So, I'm reaching out for polite suggestions on an ongoing issue at my "work". I'm currently an Undergraduate student - seeking Master's - and I work with many other Graduate students on this relatively large research project.
The problem lies in getting some cooperation from others. I've used GitHub for almost five years, across every platform out there. I know quite a bit about its ins and outs, and I've come to rely on version control and commit history. The thing is - all of our coworkers, though one in specific (the one who happens to be doing a lot of the work right now, though I did lay down the backbone of the code that he's working on) practically refuse to use it.
This one individual has adopted what I call an "unplanned repository". He has several (approximately 8) folders of our repository he downloaded straight from GitHub, unzipped, and began working on. He hasn't used GitHub at all on these folders, and at this point he's keeping them all as separate "versions" with names that only he could distinguish from one another (stuff such as "(repo name)-REC-ONE", "(repo name)-WITH-HTTP", etc.).
I've politely (and recently, not so politely but in a joking manner) told him that he should really consider using the GitHub repository I took so much time in preparing with separate branches for our varying "working stages". His most recent excuse was "well, last time we did that you started working on my branch", which while true, it was after one line of code and then I immediately noticed and changed branches, discarding all changes and making no changes to his branch.
So, my question is: how would you suggest I practically force him to use it? It's becoming literally unbearable, and other professionals in the field have already pointed out to us that our "version control" is negligent, which I totally agree though it's not my fault. The hardest thing is that everyone has been at this work for longer than I have, but I've also somewhat been put in main control of this project, so I don't want to overstep my bounds or burn any bridges, but this just has to stop. Any suggestions? Do we just have to wait for something catastrophic to happen to convince him to use version control?
Top comments (3)
Could he be command-line-phobic? Do you use an editor with git integration or could he use one of the GUI clients?
The best way to enforce git usage is to create scripts that deploy from github to production. Nothing can get to the users without passing through these scripts.
Have you tried pair-programming with him? If you show him version control in action, including jumping between branches, looking back through logs, and perhaps an "oops" followed by rolling back to a good version, there's a good chance he'll see the benefits it would bring him.
If he is worried that people will tread on each other's branches, then maybe it would be advantageous for him to have a separate GitHub fork of the project and collaborate via pull requests, like in the open-source world. That way, he will have full control over what is allowed in his version of a branch.
It's notoriously difficult to change the workflow of researchers, even when the change is widely acknowledged as being an improvement by others.
So, there are three ideas that may be helpful to consider:
You want to make the new workflow as easy as possible to adopt. Putting in extra unautomated steps, even if beneficial in the long run, will make it more difficult to convince people to adopt it. One way to reduce the cost-factor of extra steps is to add things that make people feel positive about them. Automated testing, for regression testing, doctesting, and where possible unit-testing, is a good example here: if you're not using Travis or something like it already, try to start, with the branch and same-repo PR testing as well. Also try to make the documented usage steps include the git steps where possible.

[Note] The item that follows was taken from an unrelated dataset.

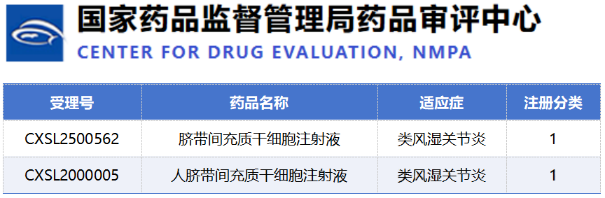 9月28日,國(guó)家藥監(jiān)局的一則公示,為類(lèi)風(fēng)濕關(guān)節(jié)炎的細(xì)胞治療賽道再添一把火。新藥品CXSL2500562臍帶間充質(zhì)干細(xì)胞注射液正式獲準(zhǔn)進(jìn)入臨床,劍指RA。[10]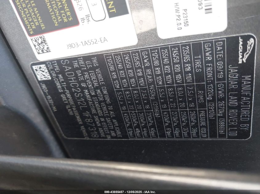 2020 JAGUAR I-PACE 2020 року Електричний, 0.0, Повний привід, vin - SADHC2S12L1F87318 з США

To a certain extent, you can raise the flag of Research Integrity. It's perfectly reasonable in a research environment to make make useful tooling that essentially requires you to be working with a version that knows where it came from (e.g. by git ref), and that really noisily fails if it doesn't. (How you do this will depend on working language obviously.) Carry through that metadata into all outputs. Point out when any outputs don't include metadata. This may mean pointing at your colleague's output and saying, "Well, how do I know what code this was made with? How could I reproduce this?"

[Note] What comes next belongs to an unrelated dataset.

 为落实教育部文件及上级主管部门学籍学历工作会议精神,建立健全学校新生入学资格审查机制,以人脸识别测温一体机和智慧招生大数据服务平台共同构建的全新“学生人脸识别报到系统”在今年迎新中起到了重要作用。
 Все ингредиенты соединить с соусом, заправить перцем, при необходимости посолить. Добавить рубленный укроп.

On Github, you can set up a repo such that it won't accept pushes or un-reviewed PRs to specific branches (see Protected Branches under the Settings tab). You could set this up on your "production" branches and your main/master branch -- the ones you use to produce data for papers and the like, and the ones you intend to keep long-term. (Versions used for production should probably also be tagged.)
Keeping code manageable and useful long-term in academia is a real problem. It's easy for researchers to work alone, untidily on code and for it to become a spaghettified mess that is more and more painful to modify by successive grad students. Code review and various automated tools around it can help, and can often fit into frequently-adopted research group meeting practices. Do read up on good code review practices before trying this for the first time, though: it's really easy for code review to become a really antagonistic and hostile affair, and some people will take it this way no matter what you do.
One minor language thing: git is not Github. Using git doesn't automatically mean using Github, and, to a lesser extent, vice-versa.
Also, if you're adding in doctesting, bear in mind it's not a great idea to make it your main form of testing: it's really easy to make it really unwieldy and it'll get in the way. Also, edge cases, such as you'd want to test, often don't make great examples, and doctesting is best for showing examples.